Была черная глухая ночь... Фонари в этой части города почти не горели, и Берегову приходилось то и дело отыскивать увязшие в лужах липкой глины калоши.
Падал резкий, холодный дождик, будто небо отплевывалось, съев что-то невкусное.
Несмотря на это, Берегов шагал по грязи довольно бодро, и только раз приостановившись, чтобы извлечь из расщелины деревянного тротуара калошу, засмеялся и сказал вслух:
-- Экой дьявол! Первый раз вижу такого больного, который спускает с лестницы врача, спасшего его от смерти.
VI. СЕМЕЙНЫЙ ОЧАГ БЕРЕГОВА
Помявшись немного, разгладив белой пухлой рукой рыжие усы и побарабанив пальцами по ручке кресла, Симакович наконец решился:
-- Скажи: считаешь ли ты меня своим другом?
Хозяин кабинета, в котором происходил разговор, -- инженер Берегов пожал незаметно плечами и отвечал безо всякого колебания:
-- Конечно, считаю.
-- Ну вот, -- волнуясь, продолжал гость. -- Как друг, я должен тебя предупредить: о твоих отношениях к Марье Антоновне Лимоновой говорит весь город.
-- Ну-с?
-- Того и гляди дойдет до жены.
-- Едва ли, -- хладнокровно улыбнулся инженер Берегов. -- Моя жена нигде не бывает.
-- О, милый друг! Ты забываешь об анонимных письмах. Не было еще случая, чтобы услужливые друзья не прибегли к этому простому и удобному способу. Анонимное письмо, анонимное сообщение по телефону -- держу пари, что это случится не сегодня завтра. Слишком уж вы оба мозолите всем глаза.
Берегов закусил зубами костяной ножик для разрезывания книг и сказал задумчиво:-- Ну, хорошо. Я приму свои меры.
В тот же день вечером Берегов, сидя за письменным столом, писал на сером листке оберточной бумаги прямыми печатными буквами следующее послание:
"Дорогая госпожа Берегова! Я вовсе не поклонник разврата и поэтому как друг должен предупредить вас, что ваш муж изменяет вам. Конечно, вы можете не поверить анонимному письму, но мои слова легко проверить: в день получения этого письма вечером ваш муж уйдет якобы к своему другу Симаковичу, на самом же деле пойдет на Харьковскую, седьмой номер, где живет "она". Можете его проследить и накрыть. Ваш доброжелатель".
Написав письмо, Берегов аккуратно запечатал его, написал печатными буквами адрес и, выйдя на улицу, опустил в ближайший ящик.

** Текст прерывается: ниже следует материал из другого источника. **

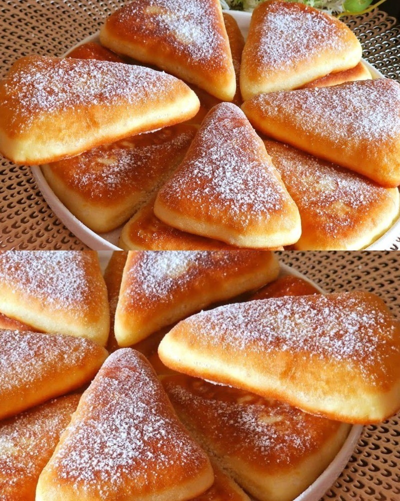 Heat vegetable oil in a frying pan over medium heat. Fry the triangles of dough until golden brown on both sides.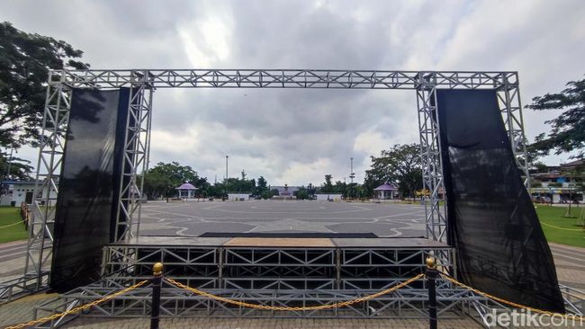 Senin (29/4/2024) pagi, terlihat kerangka baja sudah terpasang di Alun-alun Ciamis. Kerangka tersebut akan digunakan untuk memasang layar lebar serta sound sistem.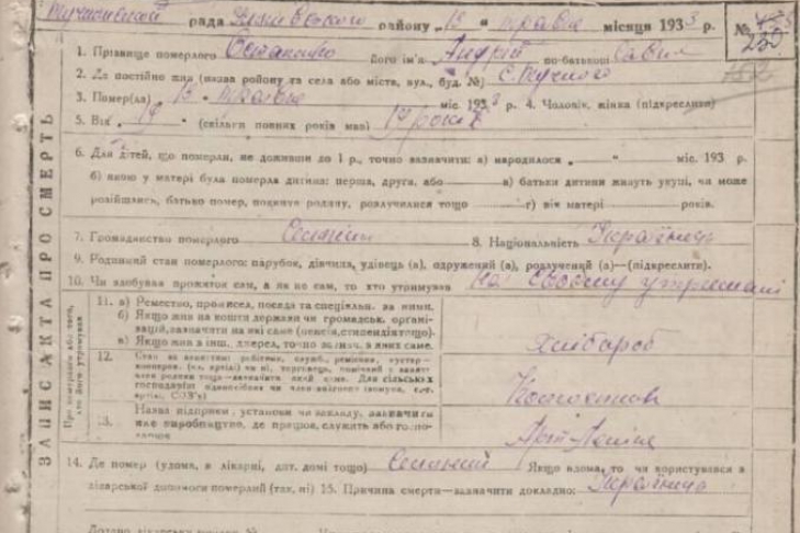 «В голодоморном 1933 году умер колхозник артели Ленина Ульяновского района. В графе «причина смерти», каллиграфическим почерком аккуратно выведено «украинец».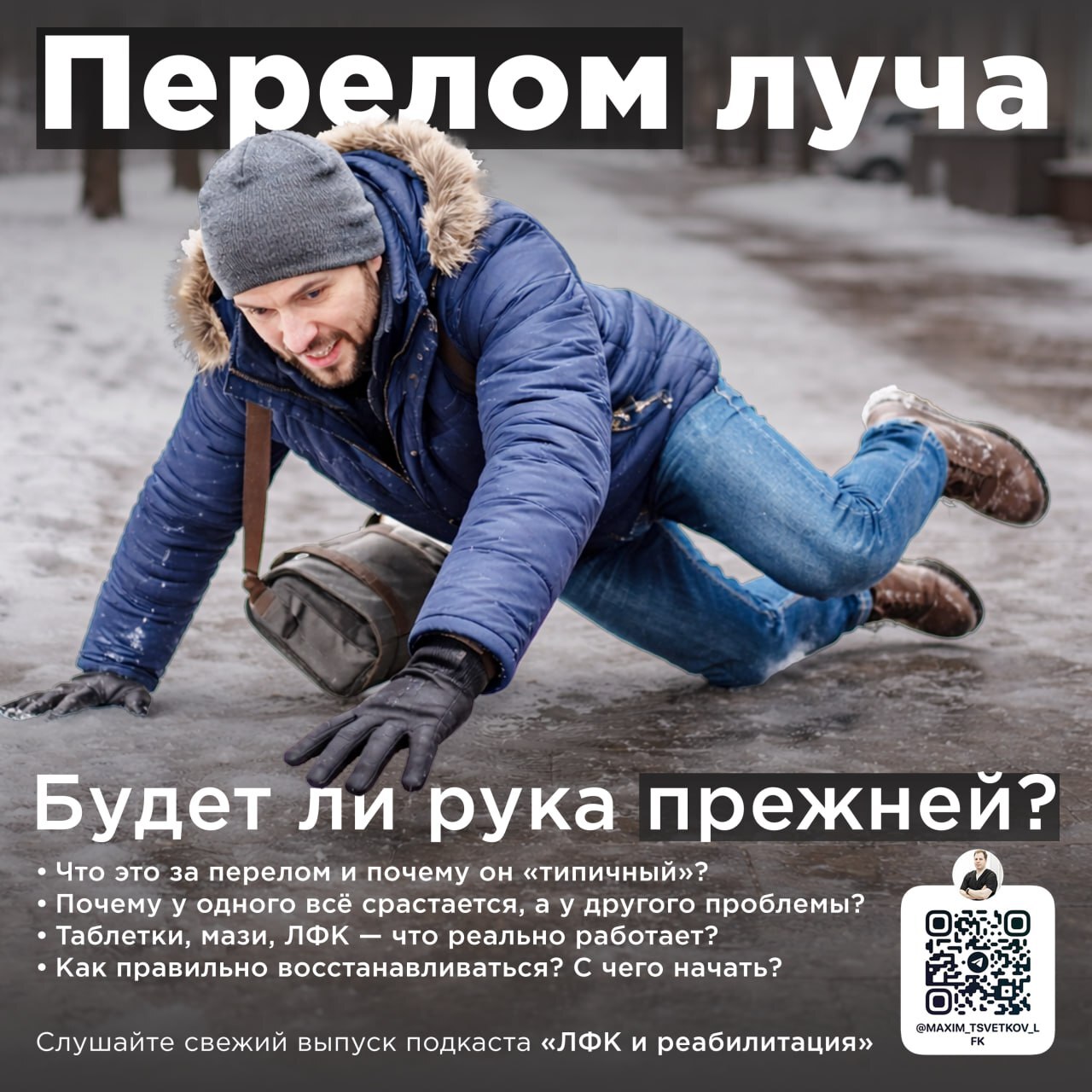 Праздники закончились. Обычное утро, дорога на работу — и внезапное падение: поскользнулись или неудачно споткнулись. Инстинктивно выставили руку. Удар не кажется сильным, ничего критичного не произошло. Но через несколько часов кисть начинает отекать, появляется боль при опоре на руку. Приходится ехать в травмпункт — и там звучит диагноз: «перелом».

Был скучный дождливый вечер.
Закутавшись в халат и покрыв ноги пледом, Берегов лежал в кабинете на диване и мирно читал что-то очень сухое по своей специальности -- об однопролетных балках.
Скрипнула дверь, и спокойное, холодное лицо жены заглянуло в кабинет.
-- Как? Ты дома?
-- Ну конечно, -- ласково отвечал Берегов. -- Входи.

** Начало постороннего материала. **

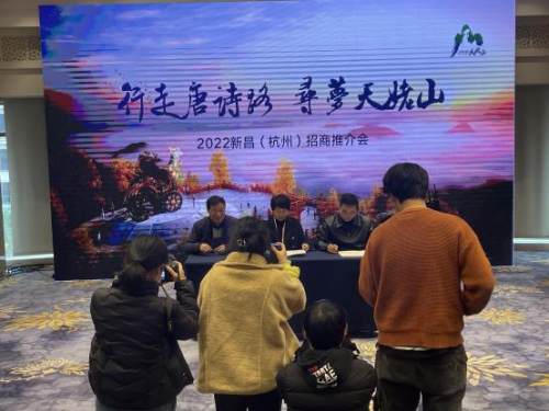 “行走唐诗路.寻梦天姥山”,新昌县天姥山文化旅游发展中心, 2022 新昌 (杭州) 招商推介会,于 12 月 7 日在西子湖畔隆重举行, 杭州多家知名旅行社与浙商代表岀席。多家主流媒体也应邀参加这 次盛会,并见证现场的签约仪式,切身感受新昌与杭州共建共享、 融合发展的深远意义。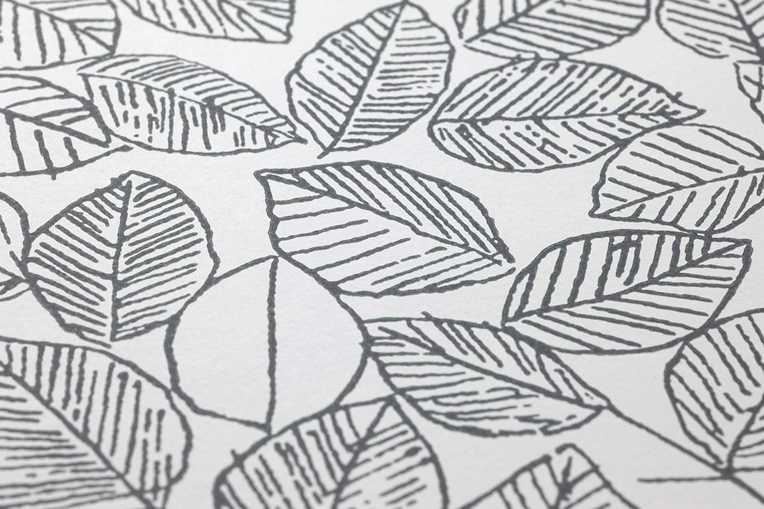 Das feingezeichnete Blattwerk der floralen Designer Tapete in Weiß und Anthrazit zeigt im Raum zwei besondere Gesichter. Das dichte aber willkürlich angeordnete Blättergeflecht wird durch einige unvollendete Elemente unterbrochen, die aus der Ferne betrachtet ein kunstvoll abstraktes Muster ergeben. Der sensible Blattcharakter bleibt gleichwohl erhalten.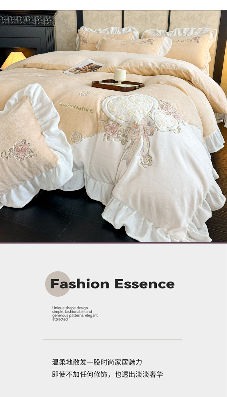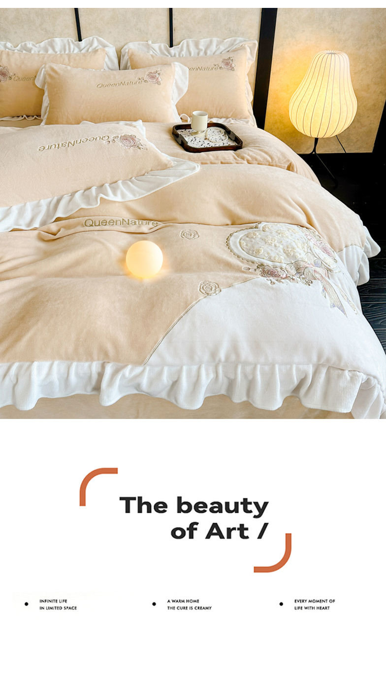 七七家纺 2025新款刺绣款牛奶绒四件套-织梦系列 织梦-黄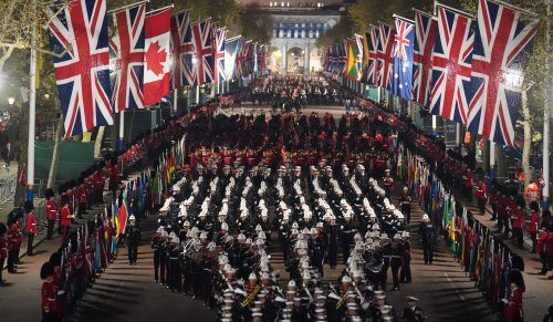 Trotz des Zwischenfalls am Buckingham-Palast vom Dienstagabend haben in der Nacht zum Mittwoch aufwendige Proben für die Krönungsprozession stattgefunden. Ein Mann hatte am Abend Gegenstände – mutmaßlich Schrotpatronen – über den Zaun des Palasts geworfen, konnte aber schnell festgenommen werden (Me

-- Ты разве никуда не собираешься?
-- Никуда. А что?
Жена присела на краешек дивана, на котором лежал Берегов, и, помолчав, сказала неуверенно:
-- Мне показалось, что ты сегодня собираешься к Симаковичу?

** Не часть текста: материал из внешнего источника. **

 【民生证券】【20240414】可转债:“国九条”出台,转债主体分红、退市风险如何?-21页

-- Ничего подобного. И в мыслях не имел.
-- Значит, ты из дому не выйдешь?
-- Не собирался. Но если тебе куда-нибудь надо -- могу сопровождать.
Жена впилась острым взглядом в задумчивое лицо Берегова и сказала значительно:
-- Мне нужно на Харьковскую улицу!
И, помедлив, закончила тоном ниже:
-- К портнихе.
-- Добре. Если недолго, я подожду там, а потом вернемся вместе домой.
Жена вдруг заплакала.
-- Послушай! Я скажу тебе правду: мне прислали анонимное письмо. Я сама не своя... Что мне делать? Я с ума схожу!
Берегов засвистал.
-- Вот оно что! Ну, мы, знаешь ли, разные люди. Две недели тому назад я получил тоже анонимное письмо насчет тебя и, однако, что же? Я молчал.
Жена, как мячик, подпрыгнула на месте.
-- Где оно? Покажи мне его! Это ложь!
-- Ну конечно, ложь, -- усмехнулся Берегов. -- Я так к нему и отнесся. Получил его в конторе и бросил в ящик письменного стола безо всякого внимания. Если бы ты не сказала о своем письме, я бы о моем и не вспомнил.
-- Ах, негодяи, негодяи! Что же они обо мне написали?
-- Какой то "доброжелатель" сообщает, что ты находишься в близких отношениях с Симаковичем.
-- Это ложь, ложь! Трижды ложь!
-- Милая, чего ж ты волнуешься? Конечно, ложь! Кто же верит анонимным письмам?
Жена встала и с опущенной головой, пристыженная вышла из кабинета.
В этот вечер у инженера Берегова было больше работы, чем в предыдущий. По уходе жены он присел к столу и принялся прилежно выводить печатные буквы на листке почтовой бумаги:
"Господин инженер! Ваша супруга не прочь вам наставить рога и партнером себе избрала вашего же приятеля Симаковича. Вот тебе и приятели. Проследите их, потому что известные украшения носить никому не приятно. Ваш дружески настроенный доброжелатель".
Сунув это письмо в бумажник, Берегов принялся за другое:
"Милостивая государыня! Ваш муж вас перехитрил и остался дома. Не верьте ему! Сегодня он взял два билета в оперу и будет обязательно, непременно -- с ней! Со своей пассией! Заметьте: под каким-нибудь предлогом удерет из дому, а там, конечно, и опера. Для вас это будет плохая опера. Возьмите тайком себе тоже билет и накройте их. Доброжелатель".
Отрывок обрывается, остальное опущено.